(EXERCISE BRIEF): Look below for the line that contains "4월 27일 이른 아침(밤사이)부터", then copy it and each following line exactly, through and including the line that contains "拖到中后期后,除了继续通过中".
#### LISTED RECORDS
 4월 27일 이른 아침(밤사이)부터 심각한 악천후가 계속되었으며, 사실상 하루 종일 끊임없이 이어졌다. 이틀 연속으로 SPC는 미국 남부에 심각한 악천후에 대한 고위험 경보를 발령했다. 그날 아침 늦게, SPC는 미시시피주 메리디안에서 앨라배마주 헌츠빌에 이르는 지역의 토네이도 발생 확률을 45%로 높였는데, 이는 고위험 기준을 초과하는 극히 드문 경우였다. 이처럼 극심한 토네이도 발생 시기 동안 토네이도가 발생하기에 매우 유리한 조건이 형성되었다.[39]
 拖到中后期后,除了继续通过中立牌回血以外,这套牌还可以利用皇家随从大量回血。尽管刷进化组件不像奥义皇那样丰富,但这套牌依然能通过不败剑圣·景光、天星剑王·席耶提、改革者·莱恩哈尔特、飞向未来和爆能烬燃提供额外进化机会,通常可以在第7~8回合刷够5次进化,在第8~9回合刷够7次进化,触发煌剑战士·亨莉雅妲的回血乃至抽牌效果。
########
#### LISTED RECORDS
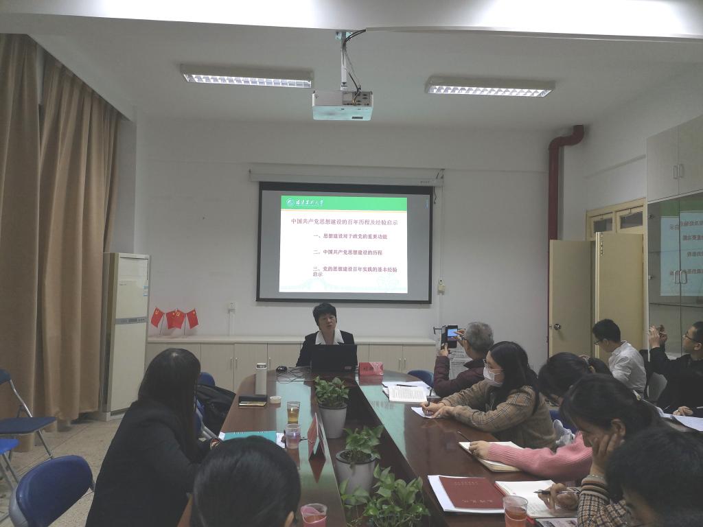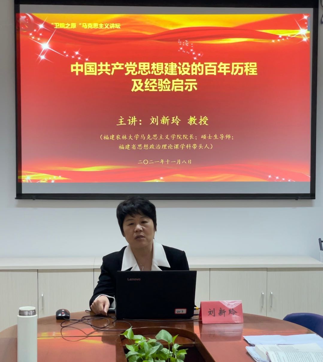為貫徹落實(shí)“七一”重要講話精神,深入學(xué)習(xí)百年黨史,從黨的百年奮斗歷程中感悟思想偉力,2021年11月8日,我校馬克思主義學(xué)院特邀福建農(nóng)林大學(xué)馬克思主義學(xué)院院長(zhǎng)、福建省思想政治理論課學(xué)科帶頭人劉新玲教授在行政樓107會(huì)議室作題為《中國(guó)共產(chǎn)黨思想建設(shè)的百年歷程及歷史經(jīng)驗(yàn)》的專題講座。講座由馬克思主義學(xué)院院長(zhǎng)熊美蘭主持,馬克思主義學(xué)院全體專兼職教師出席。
########
(SOLVED PROBLEM):
 4월 27일 이른 아침(밤사이)부터 심각한 악천후가 계속되었으며, 사실상 하루 종일 끊임없이 이어졌다. 이틀 연속으로 SPC는 미국 남부에 심각한 악천후에 대한 고위험 경보를 발령했다. 그날 아침 늦게, SPC는 미시시피주 메리디안에서 앨라배마주 헌츠빌에 이르는 지역의 토네이도 발생 확률을 45%로 높였는데, 이는 고위험 기준을 초과하는 극히 드문 경우였다. 이처럼 극심한 토네이도 발생 시기 동안 토네이도가 발생하기에 매우 유리한 조건이 형성되었다.[39]
 拖到中后期后,除了继续通过中立牌回血以外,这套牌还可以利用皇家随从大量回血。尽管刷进化组件不像奥义皇那样丰富,但这套牌依然能通过不败剑圣·景光、天星剑王·席耶提、改革者·莱恩哈尔特、飞向未来和爆能烬燃提供额外进化机会,通常可以在第7~8回合刷够5次进化,在第8~9回合刷够7次进化,触发煌剑战士·亨莉雅妲的回血乃至抽牌效果。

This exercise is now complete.